Furthermore, I find at certain times in my life I am Too XYZ to create that breadth and depth by myself, ex nihilio. Perhaps this is a weakness, or perhaps I am just a little more realistic about living every moment to the fullest. And by realistic I mean that I have no problem confessing that an outside purpose, circumstance or most importantly, human company helps me to more fully engage in existence. I have attempted to force my mind into, “every moment is a miracle” mode when I am alone for long stretches, and to an extent it works. For a while. But after a time, when I am alone, with nothing at all to do but sit, eat, write, pitch, edit and read, living every moment seems more of a concept than a practice. Even to an introvert like myself.

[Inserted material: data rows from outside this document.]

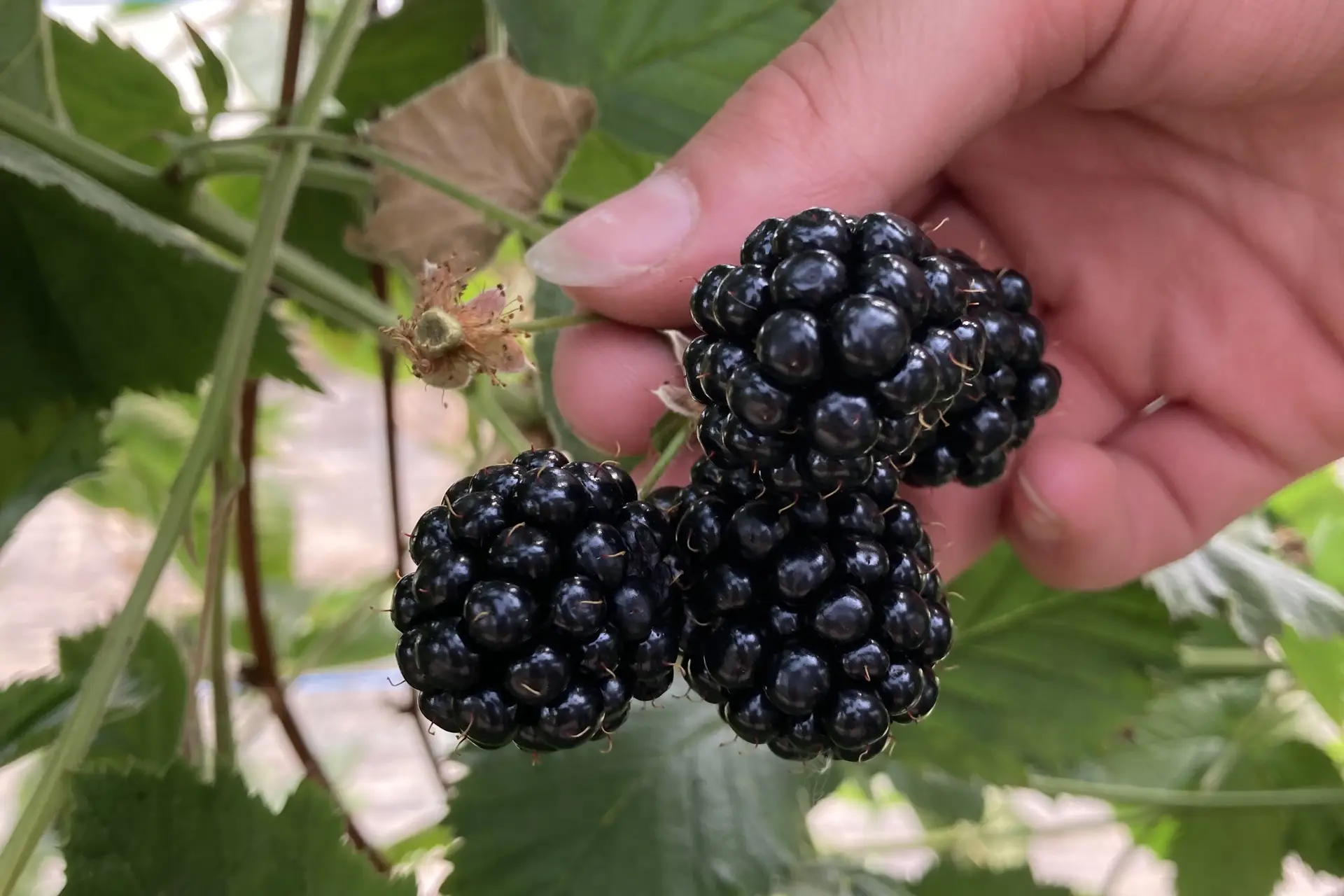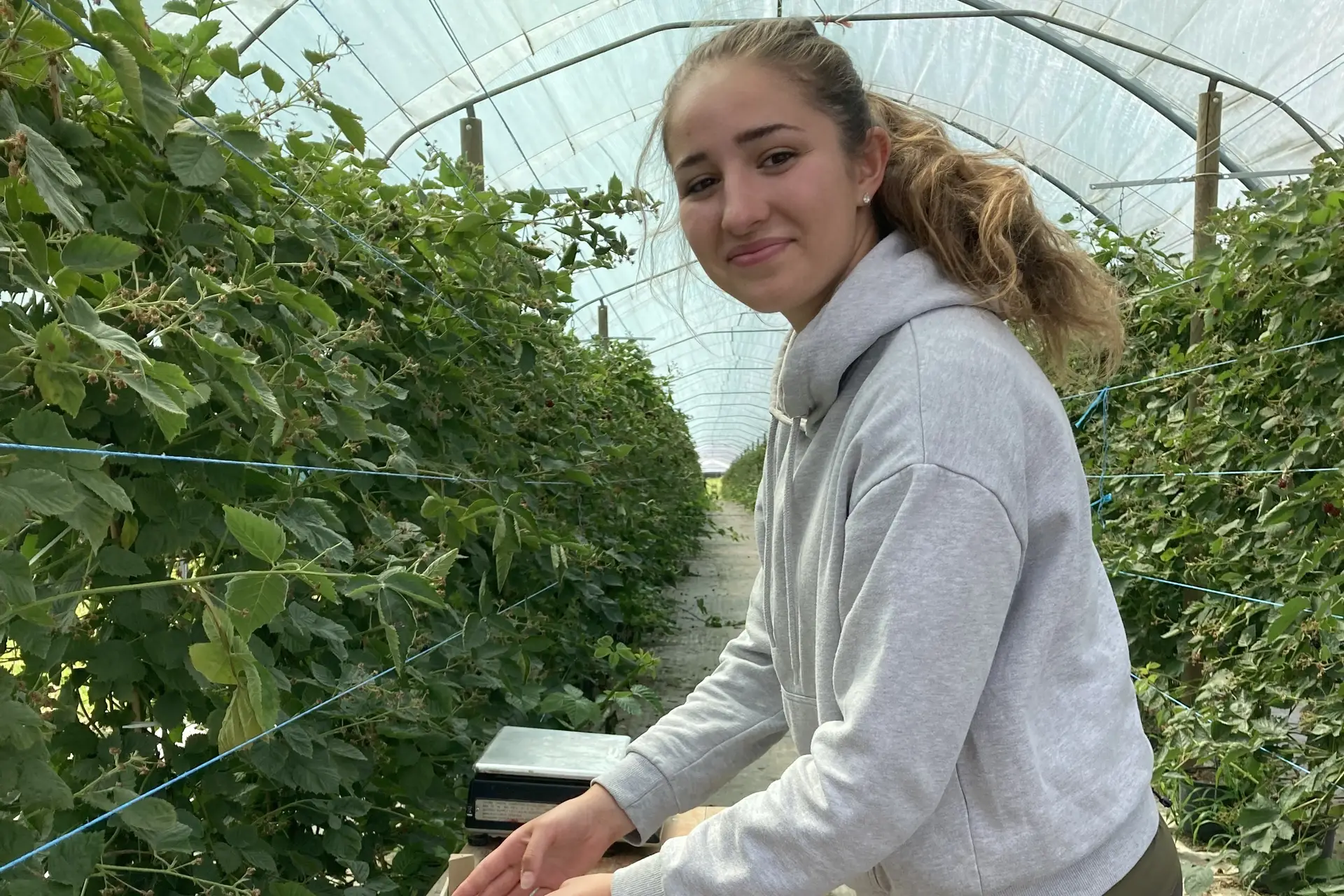 Dieses Mal lag die Ernte in den letzten Zügen. Die 19-Jährige Anna hat uns verschiedene Sorten Himbeeren, Brombeeren und Erdbeeren gezeigt, welche sie in 200g-Schalen abgewogen hat.
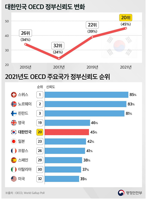 韓国行政安全部は9日、OECDが発表した「一目で見る政府2021」報告書において、韓国政府に対する国民の信頼度が45%に上ったと明らかにした。
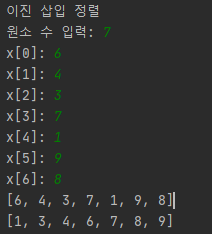 print('이진 삽입 정렬')

Maybe it really is all a matter of expanding my mind enough, or deepening my perceptions enough, I am not sure. It could be that I am revealing I am a lesser person when I state my view that sometimes our lives have to be bigger in order for us to live every moment, and that we don’t always have the tools to do that on our own. I can’t say for sure. However I do believe that sometimes our lives become too small to allow living in the moment, or for every moment, or as though we had an hour to live. Even if that were a feasible approach, (and I am not sure it is) my ability to initiate that modus operandi without regard to my circumstances is limited at present.
I concur with those who will say I need to expand my thoughts in such a way that my life then becomes big enough to live every moment. That isn’t a bad suggestion, but again, is it practical for everyone?

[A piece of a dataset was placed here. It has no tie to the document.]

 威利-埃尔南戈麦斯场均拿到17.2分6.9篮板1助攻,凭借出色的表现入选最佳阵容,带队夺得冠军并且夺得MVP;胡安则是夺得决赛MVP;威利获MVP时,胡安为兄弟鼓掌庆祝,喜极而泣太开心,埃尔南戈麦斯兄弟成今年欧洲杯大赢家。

Maybe grabbing life by the collar, (or whatever other damn metaphor you want to utilize for this approach), is only possible once we get past a certain point. Maybe some of us can’t create an entire universe teeming with life with just our own thoughts. Could it be that the point is not so much to live every moment under every circumstance, but rather do whatever we can to make sure we optimize as many moments as we can for each other? Perhaps we need to help enlarge the lives and consciousnesses of others when they are too small for all of this living for the day stuff. Or maybe we only need to do that for less evolved folks such as myself. I really don’t have the answer. But I do believe if it were a simple matter of my choosing to do it, I would have done more of it long ago, and far more often.
Do you “live every moment”? If so, what does that entail, exactly? Just how engaged are you with every ticking second? Is “living like you are going to die” a true road map of how you live your life, or is it more of an ideal to which you aspire? Is it always possible to expand your own life enough to live every moment without some outside component brought into the mix?